Guard Dog is designed so that a restart does not trigger another monitor to restart again in a loop. Multiple safeguards prevent that:

15-minute boot skip
Port 8089, Process, and OOM monitors do not run for the first 15 minutes after boot. That gives TAK Server and PostgreSQL time to start without Guard Dog restarting them during startup.
15-minute grace after any restart
After Guard Dog (or anything) restarts TAK Server, no monitor will trigger another restart for 15 minutes. This avoids rapid restart loops.
15-minute cooldown between restarts
At most one TAK Server restart per 15 minutes from the 8089 monitor, regardless of how many times the check fails.
Restart lock
Only one monitor can perform a restart at a time. Others see the lock and skip, so 8089 and Process (and OOM) never restart in parallel.
TAK Server soft start
When Guard Dog is deployed, it installs a systemd drop-in for takserver.service so TAK Server starts after network-online.target and postgresql.service (or postgresql-15.service). That prevents TAK Server from starting before the network or database are ready, which can cause immediate failure and a restart loop on boot.
4GB swap
On deploy, Guard Dog ensures a 4GB swap file exists at /swapfile (create if missing, enable and add to /etc/fstab). This matches the reference TAK Server Hardening script and helps memory stability under load (reduces OOM risk during spikes).

Health endpoint

Guard Dog runs a small HTTP service on port 8080. The path /health returns 200 when TAK Server is considered healthy (port 8089 and processes). infra-TAK's Caddy config also exposes this as https://<infratak-host>/health, so Uptime Robot can check over normal HTTPS/443 without opening 8080 publicly. Use that URL as-is (no port) in Uptime Robot.

Dedicated health domain (e.g. health.example.com)

If you want a separate hostname for monitoring (e.g. https://health.tntak.net/health), add a server block to the Caddyfile below this line so infra-TAK does not overwrite it when it regenerates the file:

# --- User-added blocks (do not remove) ---

Example (add once; it will be preserved across domain changes and deploys):

# --- User-added blocks (do not remove) ---
health.tntak.net {
    reverse_proxy 127.0.0.1:8080
}

Then point DNS for health.tntak.net at your server and use https://health.tntak.net/health in Uptime Robot.

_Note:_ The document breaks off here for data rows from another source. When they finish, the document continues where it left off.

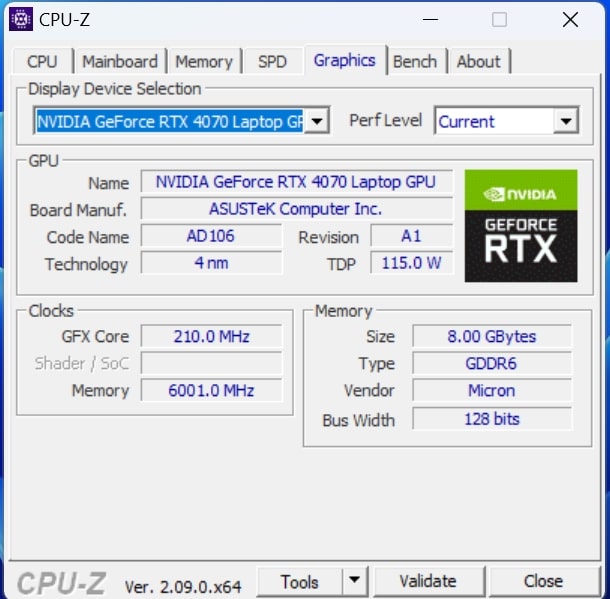 | Grafikleistung | Nvidia GeForce RTX 4070 (8GB GDDR6 VRAM); 140 W TDP |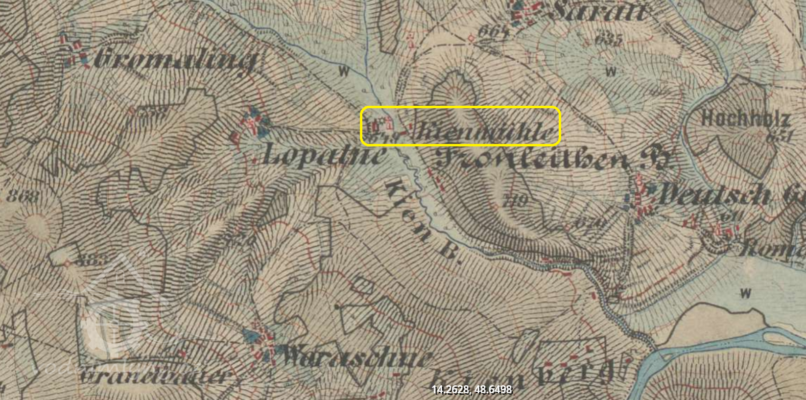 Podle zdejšího amatérského historika Fr. Schussera (dnes již nežije, takže nelze zdroj jeho infomací ověřit) se zde mělo zpracovávat obilí až do roku 1950.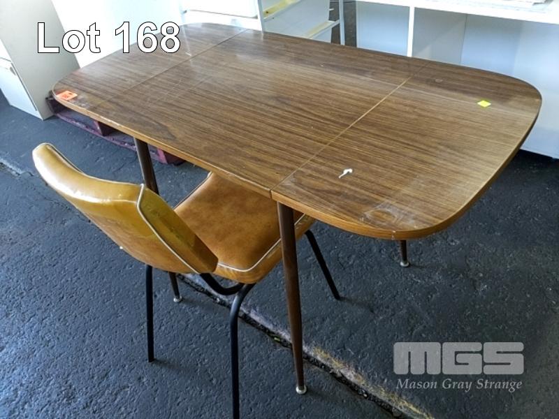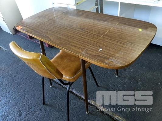 DROP SIDE DINING TABLE, TIMBER LAMINATE TOP WITH BLACK METAL FRAME DINING CHAIR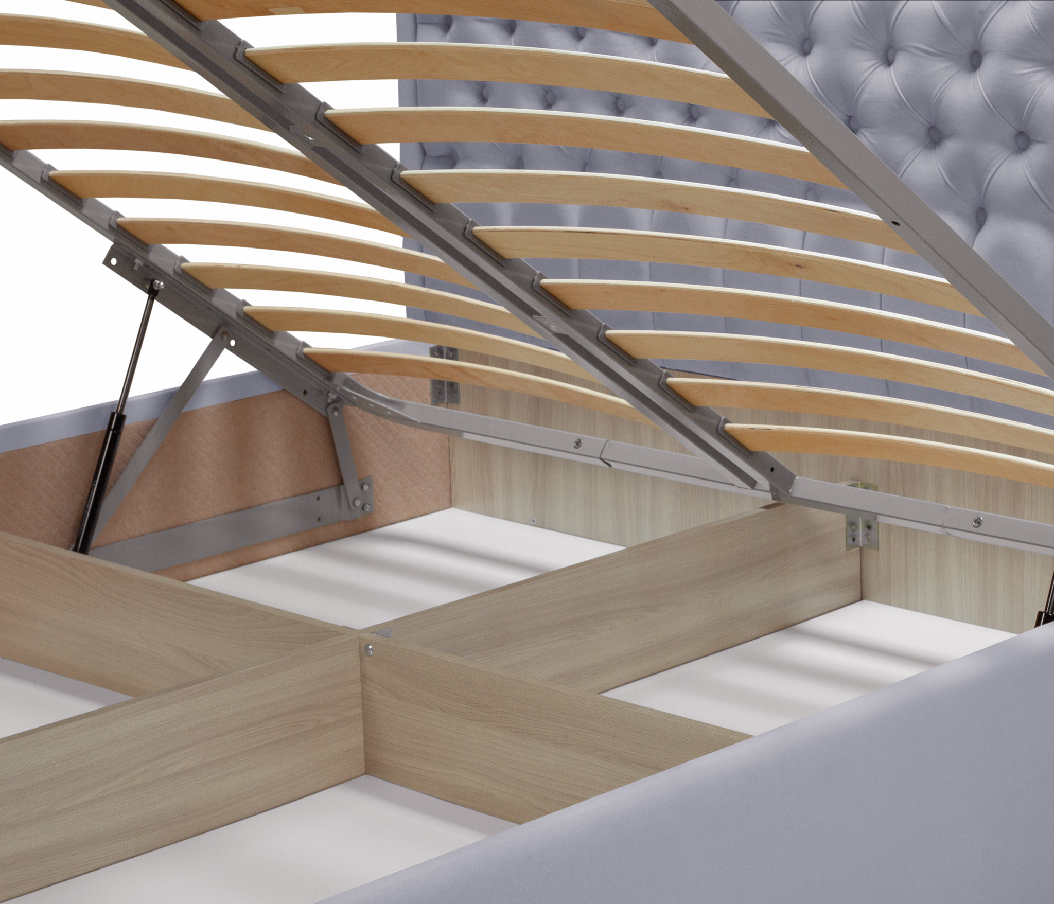 Спальное место имеет ортопедическое основание и оснащено подъемным механизмом.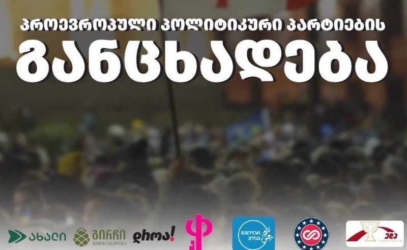 “რეჟიმმა გააღრმავა ქვეყნის წინაშე არსებული ყველა პრობლემა” – პროევროპული პარტიები – ახალი, გირჩი-მეტი თავისუფლება, დროა, ეროვნულ-დემოკრატიული პარტია, ევროპული საქართველო, თავისუფლების მოედანი და ფედერალისტები ერთობლივ განცხადებას ავრცელებენ.

Remote Database — Health Agent red

In two-server mode, Guard Dog deploys a small health agent on Server One (the DB server) that listens on port 8080 and serves /health. The Health Agent monitor (under Remote Database in the UI) is green when the console can reach http://<Server One IP>:8080/health and it returns 200.

Why it might be red:

Agent not deployed — The agent is installed automatically during two-server step 4 (Deploy Server One) when an SSH key to Server One is set, so a fresh two-server install gets the agent before Guard Dog is deployed. Guard Dog also deploys the agent when you deploy Guard Dog (if two-server + SSH are configured). If you set up two-server after installing Guard Dog, or SSH failed during step 4 or Guard Dog deploy, the agent may not be there. Fix: Use Deploy health agent to Server One on the Guard Dog page, or re-deploy Guard Dog.
Agent not running on Server One — On Server One run systemctl status tak-db-health. If it’s inactive, run sudo systemctl start tak-db-health and sudo systemctl enable tak-db-health.
Port 8080 not reachable — Server Two (the console host) must be able to reach Server One:8080. On Server One run sudo ufw allow 8080/tcp (or allow from Server Two’s IP only) and ensure nothing else is blocking 8080.
Agent returns 503 — The agent returns 200 only when PostgreSQL is ready, the cot database exists, and disk usage is under 90%. If any of those fail, it returns 503 and the monitor shows red. Fix PG, the database, or disk on Server One.

TCP + SSH (the other Remote Database check) only verifies port 5432 and SSH; it does not run the agent. So TCP + SSH can be green while Health Agent is red if the agent isn’t installed or 8080 isn’t open.

After migrating the database to a new Server One: The console monitors (TCP + SSH, Health Agent) use the saved TAK deployment server_one.host (same as DB Auth). On successful migration, infra-TAK also rewrites /opt/tak-guarddog/guarddog.conf and tak-remotedb-*.sh so timer-based alerts match the new host. If you moved DB before this behavior existed, click Deploy health agent to Server One once (it also runs that sync) or use ↻ Update Guard Dog / redeploy Guard Dog to refresh scripts.

Alerts

Upgraded infra-TAK from before v0.2.7-alpha? Open Guard Dog → ↻ Update Guard Dog once so installed scripts match the new email path. See RELEASE-v0.2.7-alpha.md.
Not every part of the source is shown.